District Attorney Devon Anderson said the woman, who was homeless when she was raped, was going through a “life-threatening mental health crisis” and told prosecutors she was not going to return to testify.

“If nothing was done to prevent the victim from leaving Harris County in the middle of trial, a serial rapist would have gone free – and her life would have been at risk while homeless on the street,” Anderson said in a video statement. “This was an extraordinarily difficult and unusual situation.

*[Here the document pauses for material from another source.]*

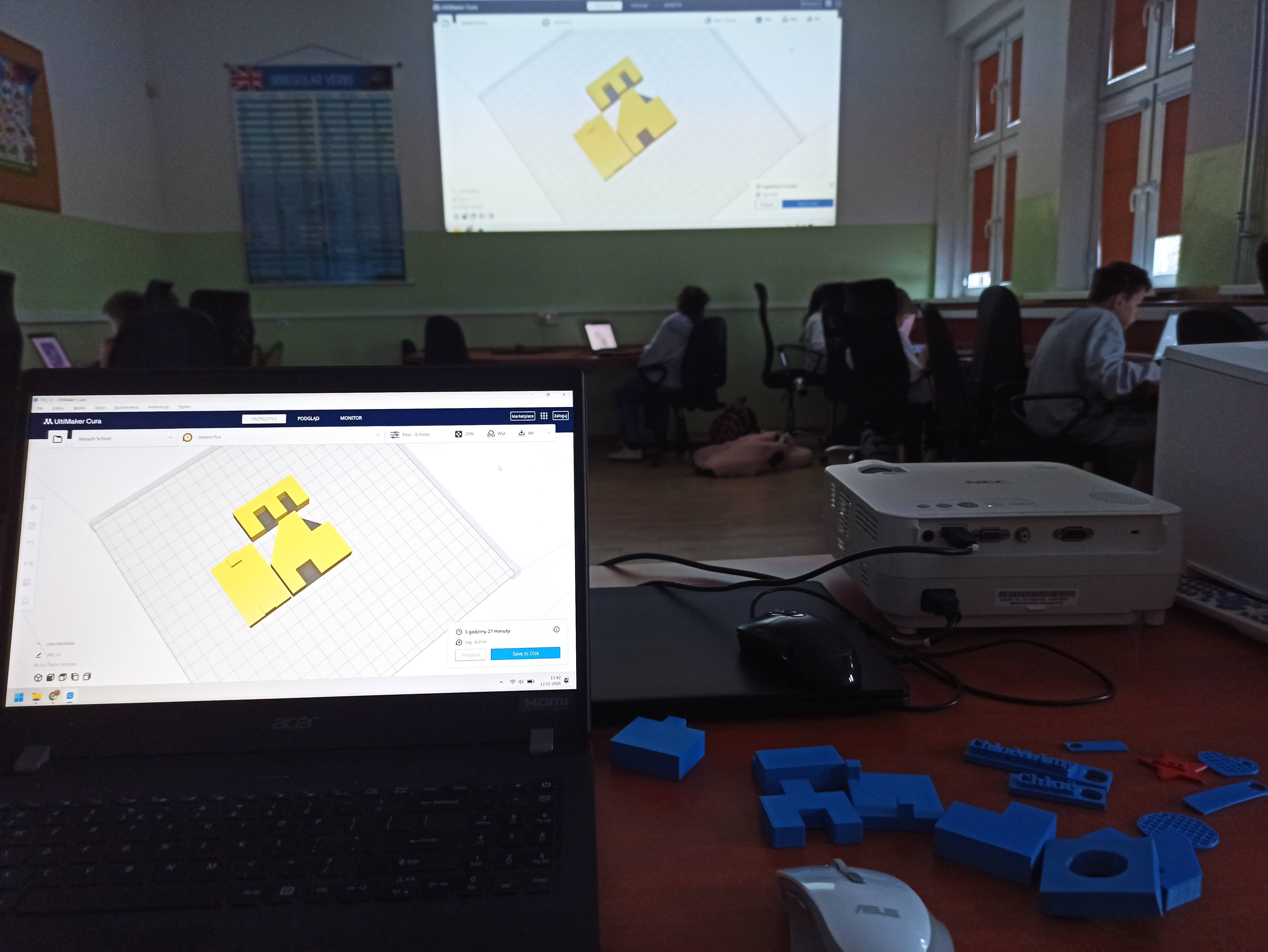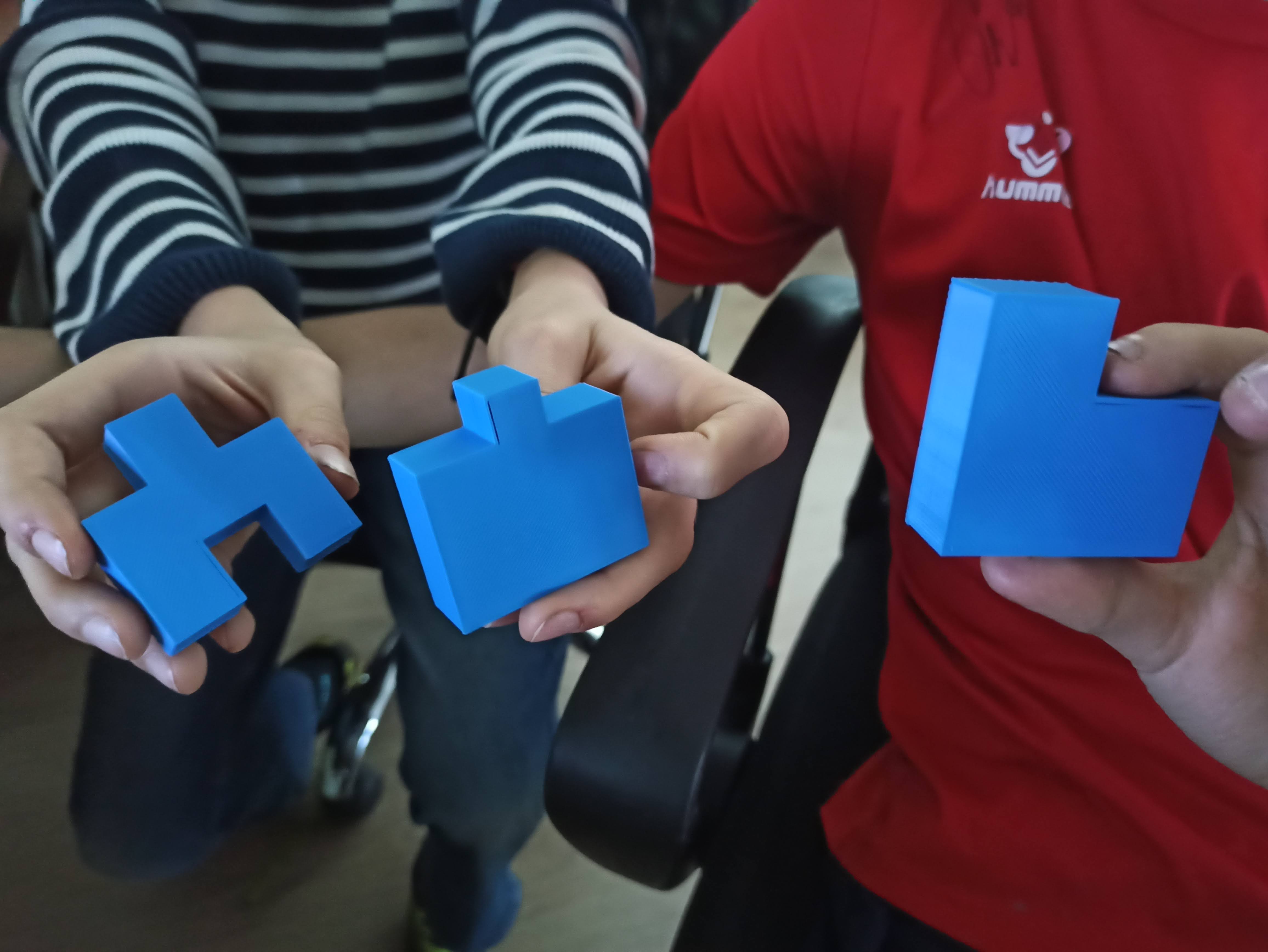 Tworzymy i drukujemy również dla naszej szkoły. Zaprojektowaliśmy figury, które będą służyły jako pomoce dydaktyczne na zajęciach technicznych.

There were no apparent alternatives that would ensure both the victim’s safety and her appearance in trial.”

July 22, 2016: “Independent probe of rape victim’s incarceration sought

A nationwide mental health advocacy group is calling for an independent investigation into the treatment of a rape victim who was jailed after having a breakdown in court.

“It is inexcusable to jail someone experiencing a ‘life threatening mental health crisis,'” the National Alliance on Mental Illness wrote in a letter dated Friday to Harris County District Attorney Devon Anderson, a Republican running for re-election in November…

The letter follows a similar call for an investigation on Thursday by Kim Ogg, Anderson’s Democratic opponent.

July 25, 2016: “DA seeks help from mental health group to prevent repeat of rape victim jailing

Harris County District Attorney Devon Anderson on Monday expressed sympathy over jailing a mentally-ill rape victim for almost a month to ensure the attacker’s conviction and said the office now is working with a national mental health advocacy group to avoid similar situations…

We feel for this victim, and what happened to her shouldn’t have happened,” said Jeff McShan. “We are asking (the mental illness group) to work with us on finding solutions so when a person with life-threatening mental issue is refusing help, we can get it for them.”

He said those solutions could even mean advocating for legislative changes but did not elaborate.

July 26, 2016: “Ogg says DA’s office needs reform to protect rape victims

District attorney candidate Kim Ogg pushed for reform Tuesday in the treatment of crime victims following the high-profile jailing of a rape victim so she would testify in court.

Ogg said the district attorney’s office could use funding to better house the victims if they are worried witnesses might not show up in court, and she suggested creation of a new division in the city that would be responsible for prosecuting people who commit sex crimes.

“I will never put a crime victim in jail to secure a conviction,” she said at a Tuesday press conference. “There are so many other things we can do.”

Ogg said she wants to eliminate the backlog of rape kits by using drug forfeiture funds.


“Texas Rape Victim Was Jailed for Fear She Would Not Testify, Lawsuit Says,” Daniel Victor, New York Times, July 22, 2016

A rape victim who was jailed in Texas for nearly a month because prosecutors feared she would not return to testify after having a mental breakdown on the stand has sued the Harris County district attorney’s office, county officials and jail employees…

The Harris County Jail, one of the nation’s largest, has become known for allegations of deaths, beatings, civil rights abuses, unjust prosecutions and medical neglect, according to a six-part series in The Houston Chronicle.